Mom's Hoof Flowers · Old-School Sichuan Cuisine (Kuanzhai Alley Branch)
小吃快餐 · ⭐ 4.2
No. 9 Yongling Road, Annex 11

Dishes
Cold Pot Spicy SkewersCold pot skewers are various ingredients threaded on bamboo sticks, marinated in special seasoning, then heated and eaten in a cold pot. Main ingredients include beef, chicken, tripe, beef intestine, and vegetables, seasoned with chili, Sichuan pepper, broad bean paste, ginger, and garlic, slowly cooked at low temperature to infuse flavor.
Grandma's Pickled Pepper Pork LiverA Sichuan dish made with tender pork liver marinated in pickled peppers and stir-fried quickly, offering a spicy and tangy flavor.
Sichuan-style Twice-Cooked PorkChuan香回锅肉 is a traditional Sichuan dish made primarily with pork belly, and seasoned with green peppers, red peppers, onions, and other ingredients. First, the pork belly is boiled and sliced, then the vegetables and seasonings are stir-fried, and finally the pork slices are added to be evenly mixed, allowing them to fully absorb the flavors of the seasonings.

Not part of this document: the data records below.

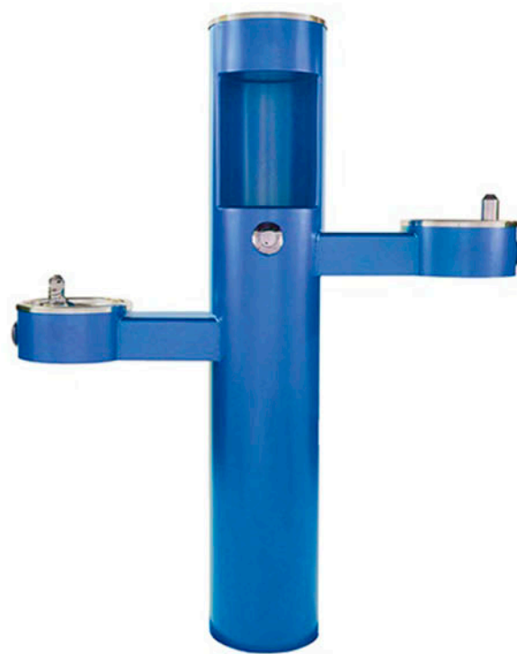
DRINKING FOUNTAIN / BOTTLE FILLER
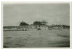
Mission house and church, Norway House (13d-c5712-d109)
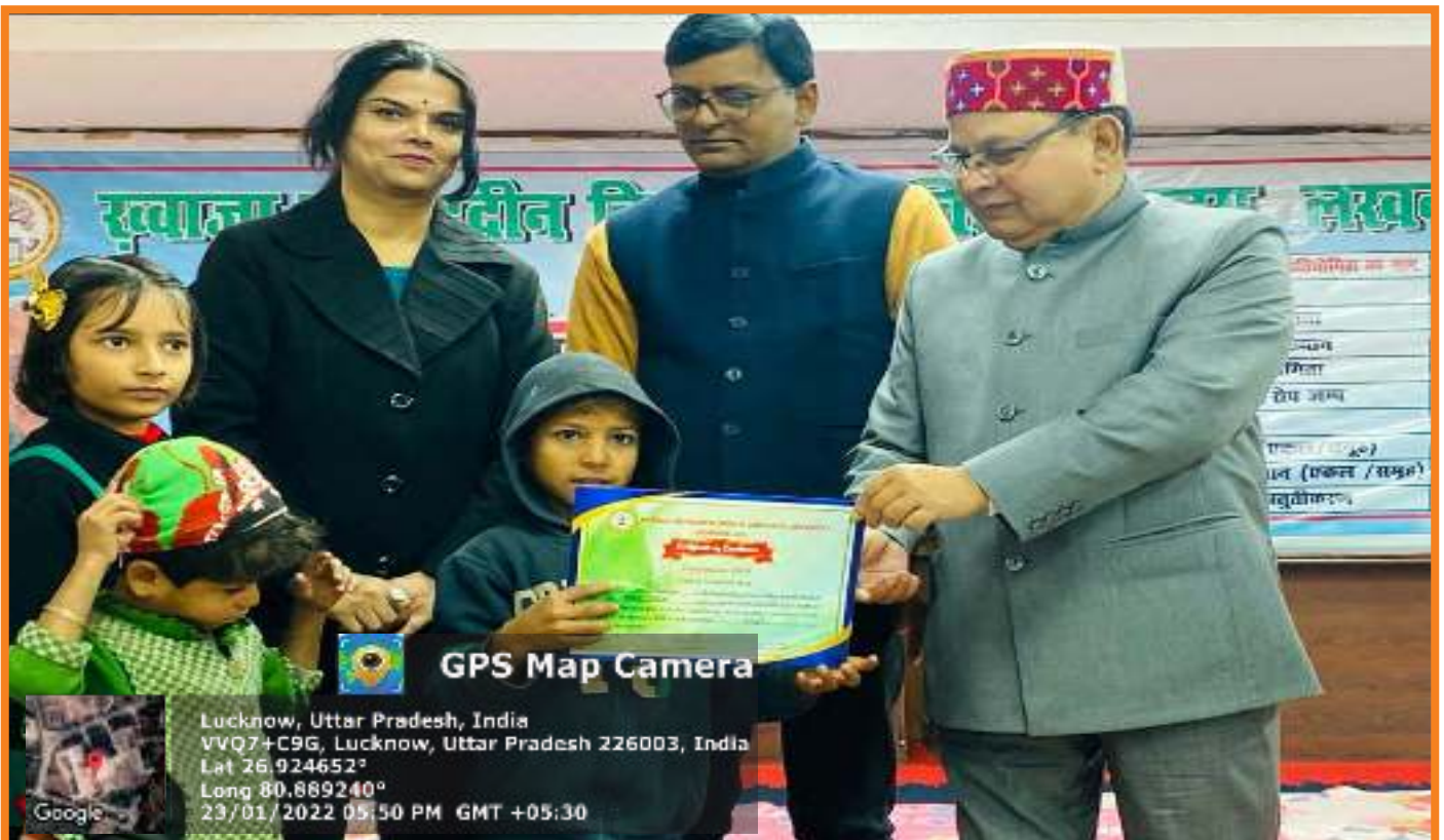
Certificate of Excellence given to children of Baal Paathshala for performance in sports activities organized in the University
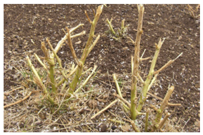
Despite generally being of low palatability, goats will at times heavily graze Bathurst burr as shown in this image

Knowing which category a weed belongs to allows you to determine how many sheep, cattle and goats are required to achieve control and whether an integrated strategy is required.
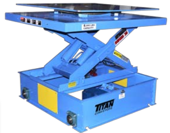
Turntable with pneumatic lift on rail guided cart

A Titan Designed Automated Guide Vehicle for a major defense contractor carrying diesel engine components from workstation to workstation.
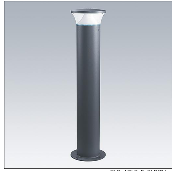
TLG ADLB F SLIMB.jpg
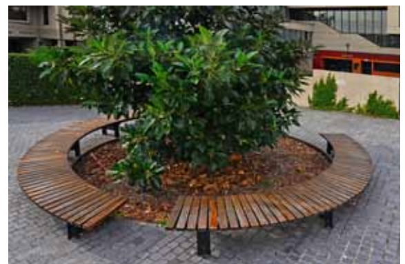
Custom circular bench

Planting, walls and level changes are used to form and divide spaces, creating discrete and separate areas within the courtyard.
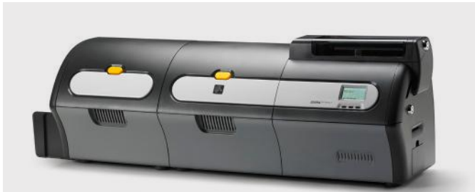
ZXP Series 7

Zebra offers two card printers with lamination capabilities: the ZXP Series 7 and ZXP Series 8.
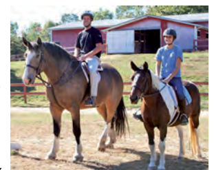
Buckwheat compared to Calico

Spicy Pickled Pepper ChickenChicken pieces stir-fried with pickled chili peppers, garlic, and ginger, resulting in a spicy and flavorful dish typical of Sichuan cuisine.
Preserved Vegetable Braised PorkMei Cai Kou Rou is a traditional dish made primarily from pork belly and preserved mustard greens. The preparation involves boiling the pork belly until half-cooked, coating it with seasoning, frying it until golden brown, then slicing it and steaming it together with the preserved mustard greens so the meat absorbs the fragrance of the greens.
Fried Pork Rind with Shredded CabbageOil渣手撕包菜 is a home-style dish primarily made with cabbage and pork lard. The preparation involves tearing the cabbage into small pieces and stir-frying it with crispy fried pork lard, allowing the cabbage to fully absorb the rich aroma of the pork lard.
Oil渣 Stir-fried CabbageA home-style dish made by stir-frying cabbage with pork cracklings, resulting in a savory and crunchy side dish.
Braised Tiger Skin Chicken FeetBraised chicken feet with wrinkled skin is a dish made by blanching and frying chicken feet until the skin wrinkles, then stewing them in a clay pot with soy sauce, sugar, star anise, and ginger.
Eggplant Pork Trotter StewBamboo shoot and pig trotter stew is a dish made primarily with pig trotters and broad beans. After blanching, the trotters are simmered with beans until tender and the broth becomes rich.
Steamed Fresh Shrimp with Garlic and VermicelliFresh shrimp steamed with garlic and vermicelli, resulting in a savory and aromatic dish.
Spicy Braised Vegetables PlatterSpicy braised vegetarian platter with tofu skin, seaweed, wood ear mushrooms, carrots, potatoes, etc., blanched and slowly simmered in a special spicy braising sauce to absorb rich flavors.
Spicy Braised Duck Heads and NeckA spicy Sichuan-style dish made by braising duck heads and necks in a rich, aromatic chili sauce until tender and flavorful.
Sour Radish Stewed Duck FeetA Sichuan-style cold dish featuring tender duck feet simmered with sour radish, offering a tangy and spicy flavor.
Sour Spicy Chicken Offal Stir-fryA spicy and sour stir-fry dish made with chicken offal and fermented chili peppers, popular in Sichuan cuisine.